Tendo por base a situação jurídica complexa entre o Poder Concedente, a concessionária e o usuário, faz-se necessário também, preliminarmente a análise dos abusos do direito praticados pelas concessionárias e a observância da natureza jurídica obrigacional dos contratos celebrados entre estas e os usuários dos serviços.

Em se tratando de contratos de prestação de serviços público essenciais, devido ao seu caráter de indispensabilidade a qualquer indivíduo, nota-se tratar-se de relações jurídicas de massa, as quais manifestam-se por meio de contratos de adesão. No atual estágio da ciência jurídica, o contrato de adesão, como leciona Paulo Lôbo[11], pode ser concebido como o contrato que, ao ser concluído, adere a condições gerais predispostas ou utilizadas por uma das partes, que passam a produzir efeitos independentemente de aceitação da outra parte, aderindo, assim, ao que convencionou-se por chamar de adesão a condições gerais do contrato. Por contrato de adesão, o Código de Defesa do Consumidor, Lein 8.078/90, estabelece no artigo 54 como sendo aquele cujas cláusulas tenham sido aprovadas pela autoridade competente ou estabelecidas unilateralmente pelo fornecedor de produtos ou serviços, sem que o consumidor possa discutir ou modificar substancialmente seu conteúdo.

5.1 A igualdade de prerrogativas do consumidor e do usuário de serviços públicos.

Nos contratos de adesão, a exemplo dos celebrados entre as concessionárias prestadoras de serviços públicos essenciais e os usuários, com a adesão destes às condições gerais, verifica-se na doutrina como não sendo uma exteriorização consciente da vontade, mas submissão às condições predefinidas. Desta feita, no intuito de proteger o aderente ante a despersonalização inerente a esta modalidade contratual, o código civil de 2002 qualifica-o como vulnerável, dando a ele uma condição mais favorável no que diz respeito à interpretação das cláusulas contratuais, como pode ser observado na leitura dos artigos 423 e 424 do referido código. Evitando, assim, possíveis onerosidades excessivas impostas ao aderente.

O direito de proteção ao usuário é uma prerrogativa que lhe é assegurada constituicionalmente. Entretanto, nos deparamos aqui com um ponto polêmico ocasionador de divergências na doutrina a respeito da matéria. A Constituição Federal de 1988, ao tratar sobre a ordem econômica e financeira, dispõe no artigo 175, caput, ser dever do poder público a prestação de serviços públicos de forma direta ou sob regime de concessão ou permissão. E, no parágrafo único, inciso II, do referido artigo, estabelece que o poder público deverá assegurar os direitos dos usuários mediante lei específica.

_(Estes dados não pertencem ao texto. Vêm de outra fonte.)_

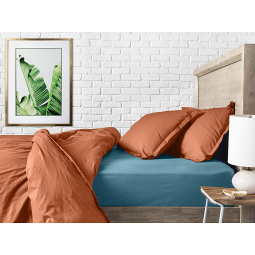 Евро постель с простыней на резинке Amber COSAS Терракотовый 200х220 см

Ante a necessidade de elaboração de lei específica a fim de assegurar os direitos dos usuários, parte da doutrina entende que isso equivale a um reconhecimento implícito que essa defesa  seria juridicamente diversa da defesa do consumidor, regulada pela Lei n 8.078/90. Para Antônio Carlos Cintra do Amaral[12], só é possível considerar-se o usuário como consumidor do serviço público a ele prestado pela concessionária sob a ótica econômica. Sob a ótica jurídica, o usuário de serviço público e o consumidor estariam em situações distintas.

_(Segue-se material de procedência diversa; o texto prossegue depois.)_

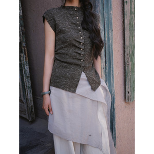 【COMOS CMS】2025秋季新款亚麻无袖开衫针织上衣女外穿CM255017
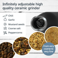 The high-quality ceramic grinder is infinitely adjustable and allows you to precisely set the grinding thickness from very fine to very coarse. Whether you need finely ground salt for your soup or coarsely ground pepper for your steak, this grinder always delivers the desired result.

Amaral[13] afirma que, embora consumidor e usuário se confundam como a mesma pessoa, juridicamente o tratamento dado é diferente, uma vez que a modalidade contratual e os requisitos de contratação são distintos. Isso porque, a relação jurídica entre concessionária e usuário não pode ser equiparada à existente entre duas pessoas privadas, que atuam na defesa de seus interesses específicos. O serviço público, ainda que executado pela concessionária, é de titularidade e responsabilidade do poder concedente. E que na relação de consumo o Poder Público atuaria de forma diversa, como protetor da parte considerada hipossuficiente que, via de regra, é o consumidor.

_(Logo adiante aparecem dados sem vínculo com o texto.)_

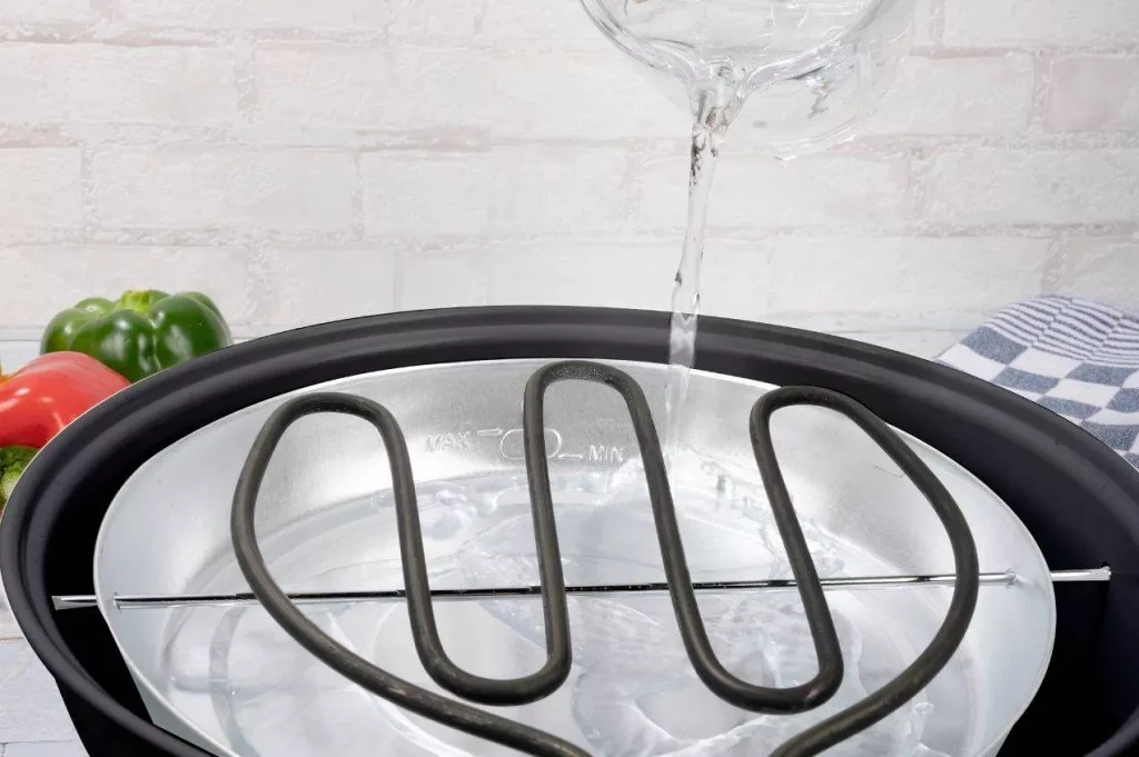 Szeretsz grillezni, de nagyobb kényelemre vágysz? Ezt az Alpina elektromos grillsütőjét sík, hőálló felületre, például asztalra helyezi. Ez a grillezést is sokkal szórakoztatóbbá teszi, mert mindenki a grill körül ülhet. A fekete, 3 láb magas grillrács szép és kompakt a 30 cm átmérőjével. Az elektromos grill nagyon egyszerűen működik: dugd be, töltsd fel az alját egy réteg vízzel, és hagyd egy ideig előmelegíteni a grillt. Körülbelül 5 perc elteltével a grill használatra kész. A vízréteg hűti a grillt, megakadályozza a füstöt és megkönnyíti a tisztítást. Az indikátorok a vízszintet mutatják. Mivel ez az asztali grill nem termel füstöt, grillezhet bent is. Ez különlegessé teszi a grillezést az étkezőben vagy a konyhában az asztalnál, hasonlóan a grilltányérhoz. Így egész évben élvezheti ezt a grillsütőt. Grillezés után hagyja kihűlni a készüléket. Ezután leveheti a rácsot az alapról, hogy meleg szappanos vízzel könnyen megtisztítsa.

Entretanto, ante a inércia legislativa em se elaborar uma lei específica de defesa do usuário de serviços públicos, como determina o artigo 27 da emenda constituicional n 19/98, e levando-se em consideração a consolidação do Código de Defesa do Consumidor como um microssitema do direito brasileiro, o próprio Antônio Carlos Cintra do Amaral, que critica a incostitucionalidade praticada pelo Congresso Nacional em Decorrência da inércia legislativa, reconhece ao tratar da matéria a necessidade prática de aplicação do CDC aos usuários.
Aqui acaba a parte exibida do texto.